A few minutes later, another skater, Kyle Plunkett, echoed George's sentiments. "I'm tired of getting kicked out of places just because I want to skate. We aren't bad kids."
TO THE MUFFLED SNICKERS of some of the skate park supporters in the audience, Robert Goudie, the West Market spokesman, said he was a skater and a supporter of a skate park. While acknowledging the passion in last night's debate, Goudie, maintained that the YMCA site was not suitable for such a park. Goudie was the first of many opponents who said the RCC's consultant's study was flawed. "This is a concept study, so let's focus on the concept a $1 million plus facility for less than five percent of our youth, and District 5 alone will pay for it even though more than 80 percent of projected uses do not live in District 5," Goudie charged. "That's a concept, but I respectfully submit not a very good one."
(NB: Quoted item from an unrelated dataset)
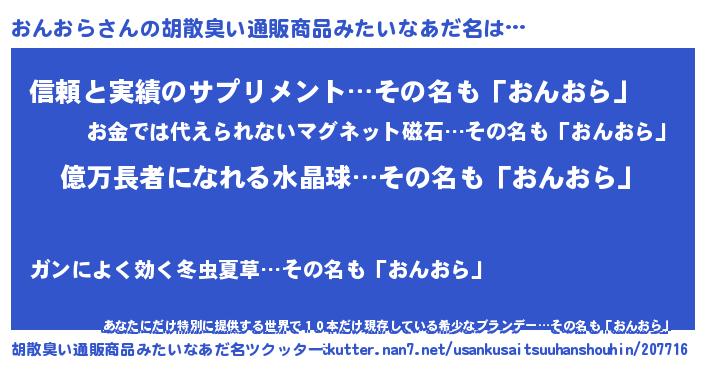 | ヘコむあだ名 | 『おんにゅー』『おん太郎』 |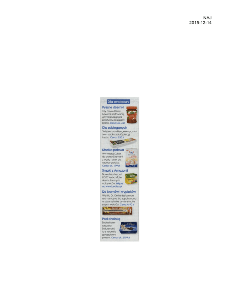 NAJ 2015-12-14 Dla smakoszy Pyszne dżemy! Trzy nowe dżemy Łowicz z limitowanej edycji smakujq jak przetwory ze spiżarni babci. Cena: ok. 4 zł Dla zabieganych Świeże ciasto Hengelein pomo że ci szybko zrobić pierogi i uszka. Cena: 5,50 zł Słodka polewa Wymieszaj Cukier do polew Diamant zwodqilukier do ozdoby gotowy. Cena: ok. 1,99 zł (m) CUKIER a U ) "vl Smaki z Amazonii Nowa linia herbat LOYDYerba Mate skusi kulinarnych odkrywców. Więcej na www.loydtea.pl Do kremów i wypieków Wanilia Dr. Oetker jest zawsze aromatyczna, bo zapakowana w szklang fiolkę, by nie straciła swych walorów. Cena: 9,90 zł Pod choinkę Śliwka Nałę czowska Solidarność to znakomity gwiazdkowy prezent. Cena: ok. 21,99 zł

Karen Connell, who represented the YMCA, dismissed arguments, that some, including Goudie, have made, that electric power lines pose a risk to skaters skating beneath them. "If the county had not assured us of their safety, we would not use that space," Connell said, referring to YMCA-sponsored activities and camps conducted on the site. "We would simply never risk the safety of our children. Never."
Curtis Clinton, of Reston, said he favored a skate park but was against the proposed site because of the existence of the power lines. "It's time we started giving our children prime real estate instead of secondhand hand-me-down lots. They need fresh air not power lines," he argued. "Build it in my backyard, just don't put it under those wires."
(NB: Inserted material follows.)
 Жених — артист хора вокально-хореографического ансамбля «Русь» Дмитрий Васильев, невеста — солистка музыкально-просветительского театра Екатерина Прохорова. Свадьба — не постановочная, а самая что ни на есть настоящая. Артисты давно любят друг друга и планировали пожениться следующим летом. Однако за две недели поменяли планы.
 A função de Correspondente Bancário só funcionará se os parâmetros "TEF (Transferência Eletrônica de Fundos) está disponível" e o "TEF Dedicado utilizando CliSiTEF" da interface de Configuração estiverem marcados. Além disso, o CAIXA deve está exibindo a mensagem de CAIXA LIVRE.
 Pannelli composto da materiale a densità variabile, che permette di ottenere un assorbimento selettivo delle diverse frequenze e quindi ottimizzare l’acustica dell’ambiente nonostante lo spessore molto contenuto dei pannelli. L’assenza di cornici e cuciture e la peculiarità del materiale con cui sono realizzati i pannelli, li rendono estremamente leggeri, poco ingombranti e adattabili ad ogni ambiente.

In addition to overhead power lines, opponents point to the YMCA parking-crunch as a reason that site is unacceptable. Connell downplayed the parking issue, but West Market residents continued to insist the RCC's concept study does not adequately address a significant problem. "I am a YMCA member, and all agree there is a parking crisis at the YMCA," Brenda Cairfero, a West Market speaker, said. "The skate park has plans for a second skating session at 4 p.m., when the elementary schools get out, which will overlap with the prime time parking crunch at the YMCA."
Connell, the YMCA representative, maintained that the organization was prepared to deal with its parking problems, but insisted that the 15 new spots as suggested in the concept report would more than handle increased traffic from a skate park. "We will be dealing with the parking issue, regardless of whether or not a skate park is built," she said.
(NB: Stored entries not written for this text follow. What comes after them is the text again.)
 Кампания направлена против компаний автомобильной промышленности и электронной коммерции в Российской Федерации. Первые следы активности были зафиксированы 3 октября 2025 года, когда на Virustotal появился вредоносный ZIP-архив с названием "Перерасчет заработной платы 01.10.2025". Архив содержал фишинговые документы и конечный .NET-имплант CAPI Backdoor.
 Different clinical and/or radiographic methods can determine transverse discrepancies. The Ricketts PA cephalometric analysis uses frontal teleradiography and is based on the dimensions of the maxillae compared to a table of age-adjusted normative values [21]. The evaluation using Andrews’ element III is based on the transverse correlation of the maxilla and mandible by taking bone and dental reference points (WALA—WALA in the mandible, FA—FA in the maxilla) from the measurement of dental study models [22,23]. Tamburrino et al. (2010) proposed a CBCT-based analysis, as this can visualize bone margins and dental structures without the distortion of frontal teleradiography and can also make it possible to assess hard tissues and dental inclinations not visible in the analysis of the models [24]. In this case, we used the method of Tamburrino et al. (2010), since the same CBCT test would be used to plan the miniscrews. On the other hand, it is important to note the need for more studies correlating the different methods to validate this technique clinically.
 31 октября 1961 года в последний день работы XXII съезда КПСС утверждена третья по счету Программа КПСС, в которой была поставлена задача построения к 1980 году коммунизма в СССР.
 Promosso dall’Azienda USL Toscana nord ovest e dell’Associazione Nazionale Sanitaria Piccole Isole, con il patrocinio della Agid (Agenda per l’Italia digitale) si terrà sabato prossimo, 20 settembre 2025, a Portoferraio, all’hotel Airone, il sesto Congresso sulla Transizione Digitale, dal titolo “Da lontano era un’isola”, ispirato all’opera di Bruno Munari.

DAN BISHOPP, another West Market resident, argued that other potential sites, away from the YMCA and West Market such as the Lake Fairfax site, were not adequately addressed by the concept study. "User demand at Lake Fairfax would roughly equal that of a YMCA site, and this would cost taxpayers 25 percent less to develop," Bishopp said. "The site does not abut a residential area, so increased seating and lighting could be added and hours of operation increased."
Skate park opponents were not limited to West Market, however. At the end of the evening, Beverly Russo, of South Reston, addressed what she said were economic inequalities in the proposed plan. She said she doubted the RCC board would be considering such a plan, "if you didn't have so much money in reserve."
Russo challenged the board to give the reserves, set aside for a skate park, back to the taxpayers in terms of a tax cut. To the delight of fellow park opponents, Russo lectured the board on its responsibility to be accountable to all members of the community. "Listen to all sides and not just a select few."
Judy Etheridge, who has lived in Reston for 24 years, said that opponents, like herself, have nothing against skate boarders. "I am not a NIMBY person," Etheridge, who does not live in West Market, said. "I think they deserve a skate board park but just put it where it won't bother anyone."